→ EXERCISE BRIEF
Give back every line of the material below exactly, but no images.
Segment Start: GIVEN INFORMATION
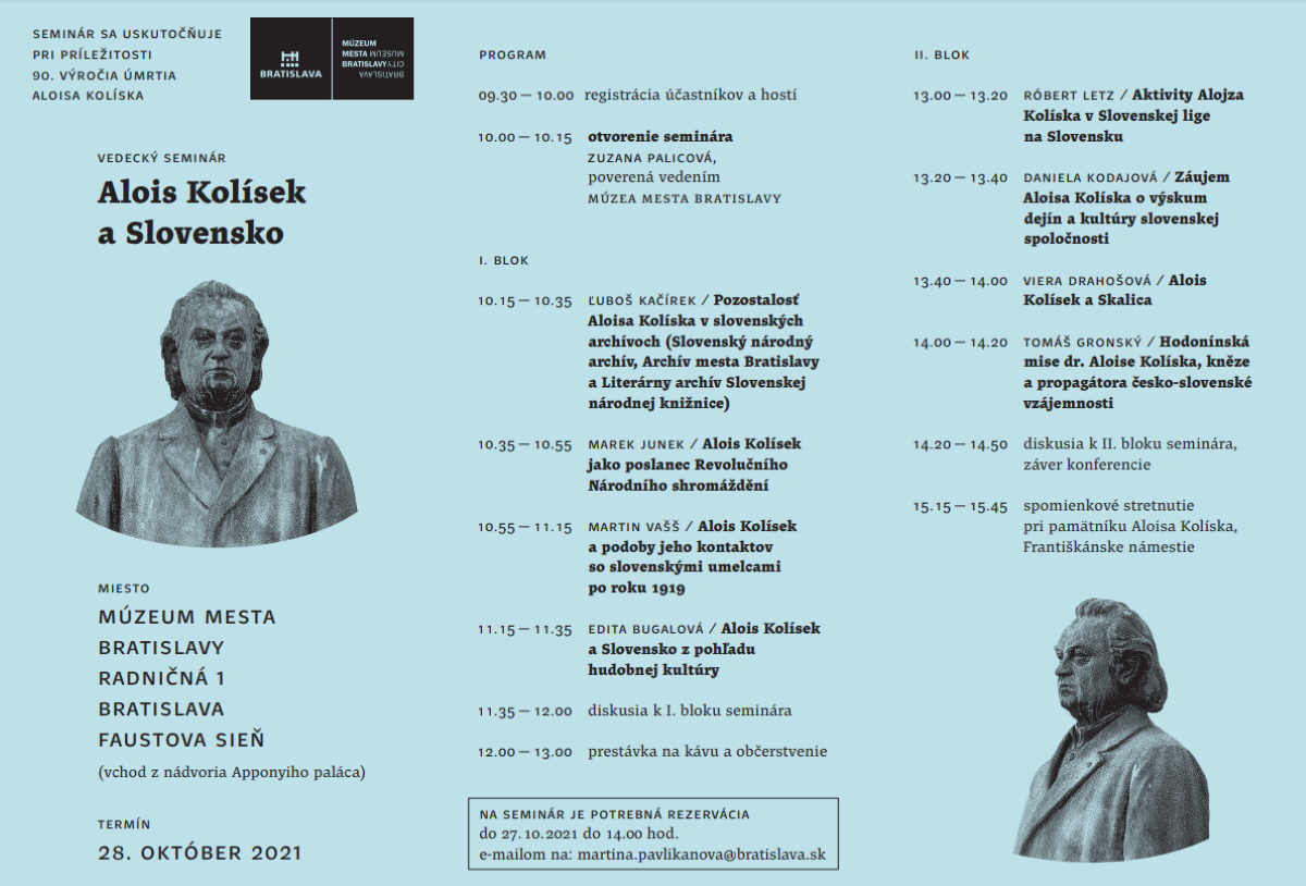 Seminár je tiež otvorený aj referátom venujúcim sa spoločenskému a kultúrnemu životu v meste Bratislava v medzivojnovom období – s priamym vzťahom k osobnosti Aloisa Kolíska.
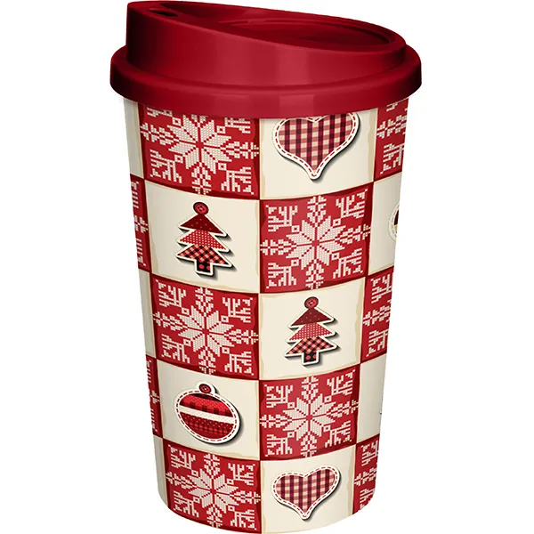 Стакан для горячих напитков «Новый год» с крышкой полипроп. 400мл красный
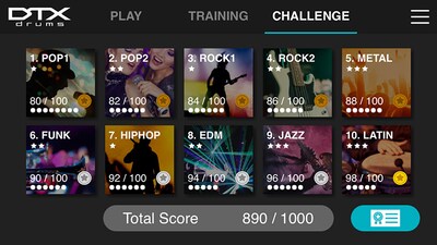 O “Challenge Mode” é uma nova função do DTX402 Touch que testa suas habilidades. Quem tocar todas as 10 músicas sem cometer um erro receberá um “Certificado de Baterista” da equipe de bateria da Yamaha DTX - você pode até compartilhar nas mídias sociais!
Segment End: GIVEN INFORMATION
→ EXERCISE SOLUTION
 Seminár je tiež otvorený aj referátom venujúcim sa spoločenskému a kultúrnemu životu v meste Bratislava v medzivojnovom období – s priamym vzťahom k osobnosti Aloisa Kolíska.
 Стакан для горячих напитков «Новый год» с крышкой полипроп. 400мл красный
 O “Challenge Mode” é uma nova função do DTX402 Touch que testa suas habilidades. Quem tocar todas as 10 músicas sem cometer um erro receberá um “Certificado de Baterista” da equipe de bateria da Yamaha DTX - você pode até compartilhar nas mídias sociais!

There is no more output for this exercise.